__WORK INSTRUCTIONS__.
Write out the opening lines of the data word for word, up to and including the line with "八坂神社的入口與本殿,有看見後方不少和服妹嗎?", and leave every picture and every later line out.

__EXERCISE DATA__.
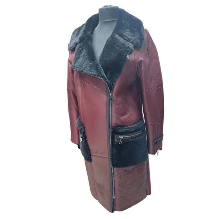 Samira’s burgundy shearling trench coat
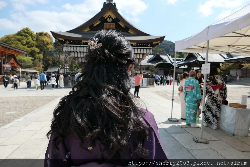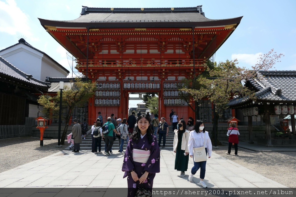 八坂神社的入口與本殿,有看見後方不少和服妹嗎?
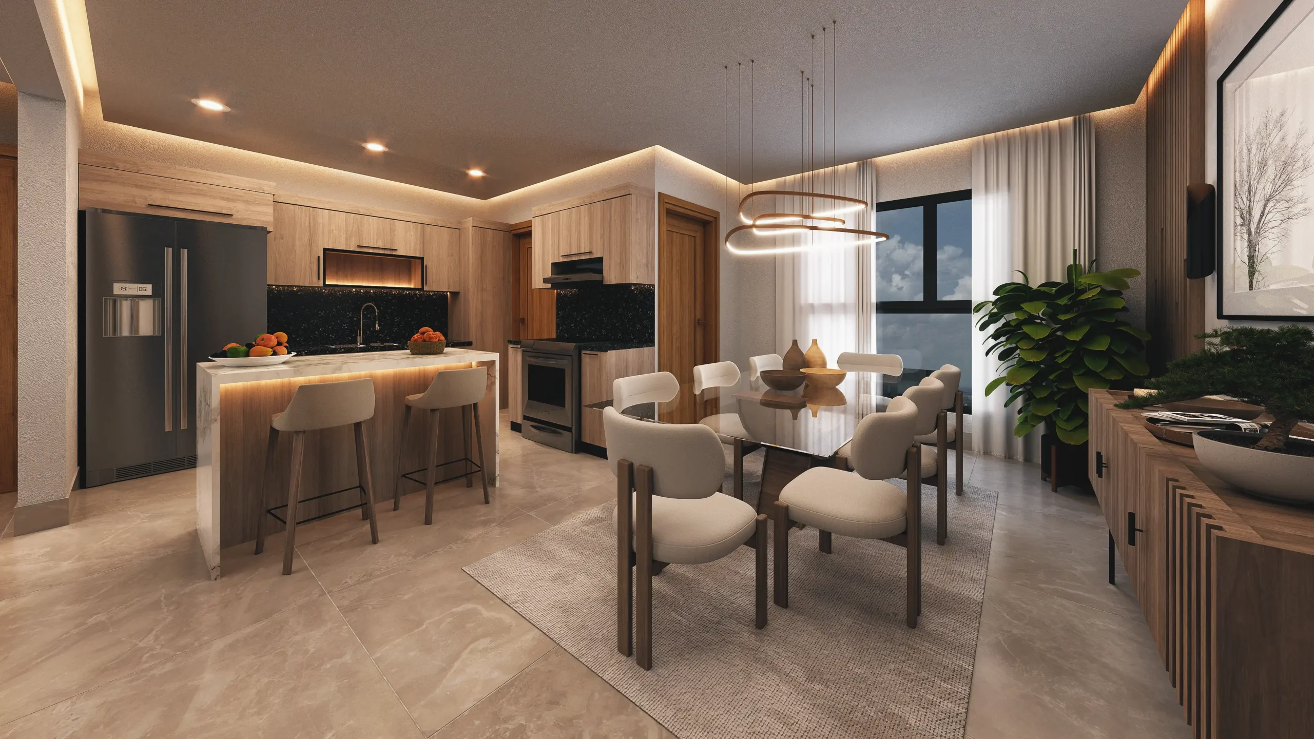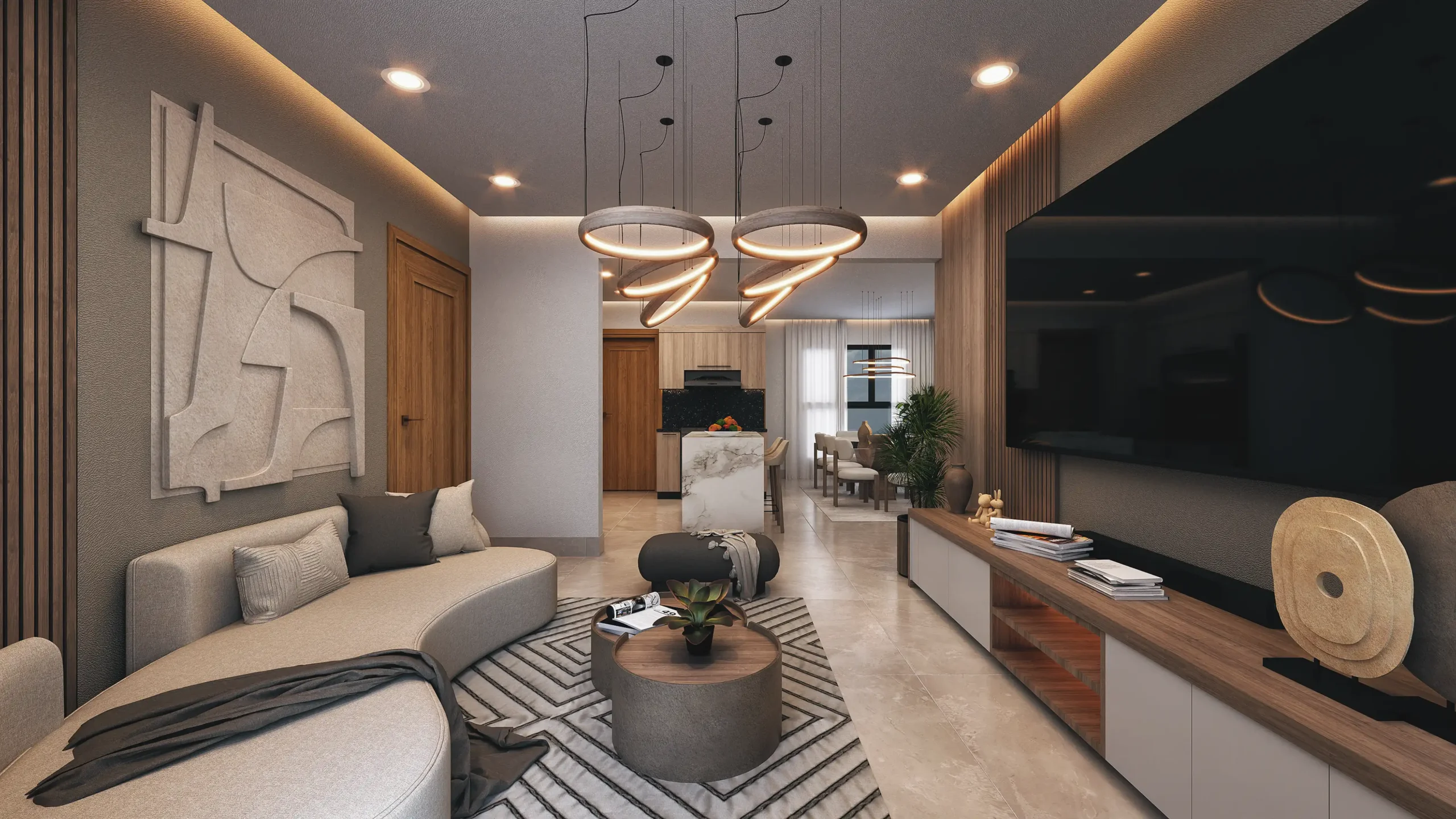 Los apartamentos de Vivalty Luxury Tower han sido diseñados bajo un concepto moderno de espacios integrados, donde la sala, el comedor y la cocina conviven en perfecta armonía, creando un ambiente amplio, luminoso y sofisticado.

__SOLUTION FOR THIS EXERCISE__.
 Samira’s burgundy shearling trench coat
 八坂神社的入口與本殿,有看見後方不少和服妹嗎?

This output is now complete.